■ **Problem details**: Images in the data are to be skipped, while every line is restated exactly as written.

■ **Input data**:
● ● ●
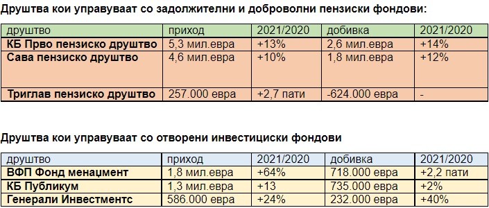 Од шест друштва кои управуваат инвестициски фондови (задолжителни и доброволни пензиски и отворени инвестициски фондови) дури пет завршиле со добивка во работењето за 2021 година. При тоа најниската добивка изнесува 39% од приходите, а најпрофитабилното друштво има добивка што е 56% од остварените приходи
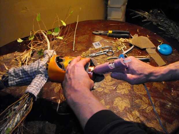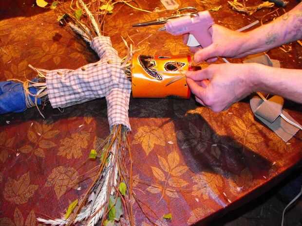 Crear ropa y sombrero de telas de desecho y caliente pegar en el cuerpo de la ramita
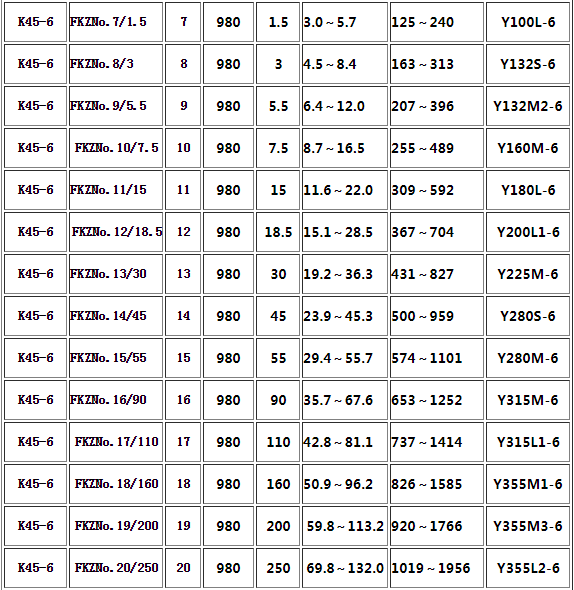 K45礦用軸流風(fēng)機(jī)參數(shù)
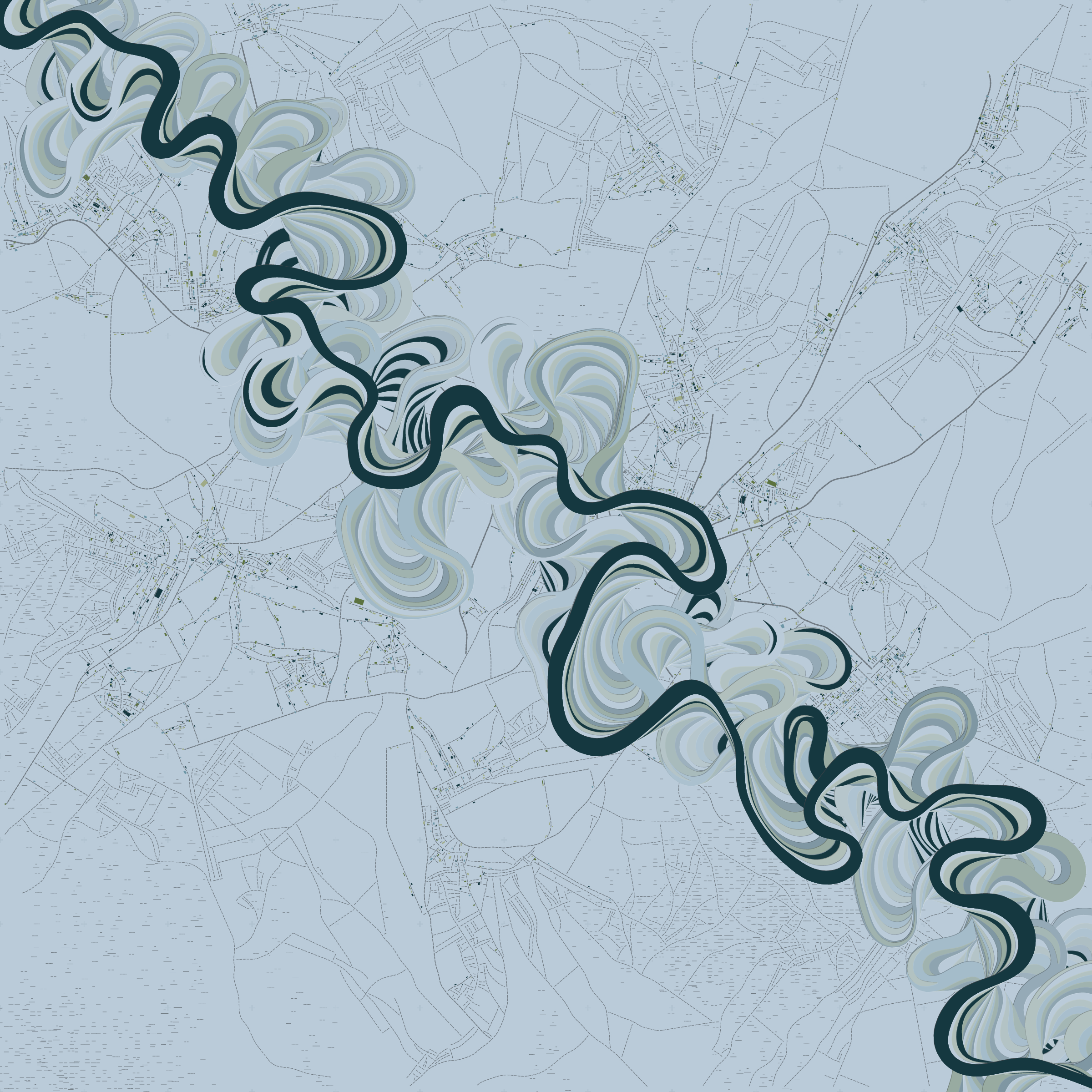 Ancient Courses is a generative experience that explores the aesthetics of meandering rivers and the settlements that form on their banks. The design is graphic and cartographic with bold color palettes rendered against map iconography and line sensibility. From the river banks, roads stretch across the landscape: sometimes a single access road, other times sprawling towns. The river meandering is simulated via a custom algorithm which closely models the real world process.
● ● ●
■ **Reply to the exercise**:
 Од шест друштва кои управуваат инвестициски фондови (задолжителни и доброволни пензиски и отворени инвестициски фондови) дури пет завршиле со добивка во работењето за 2021 година. При тоа најниската добивка изнесува 39% од приходите, а најпрофитабилното друштво има добивка што е 56% од остварените приходи
 Crear ropa y sombrero de telas de desecho y caliente pegar en el cuerpo de la ramita
 K45礦用軸流風(fēng)機(jī)參數(shù)
 Ancient Courses is a generative experience that explores the aesthetics of meandering rivers and the settlements that form on their banks. The design is graphic and cartographic with bold color palettes rendered against map iconography and line sensibility. From the river banks, roads stretch across the landscape: sometimes a single access road, other times sprawling towns. The river meandering is simulated via a custom algorithm which closely models the real world process.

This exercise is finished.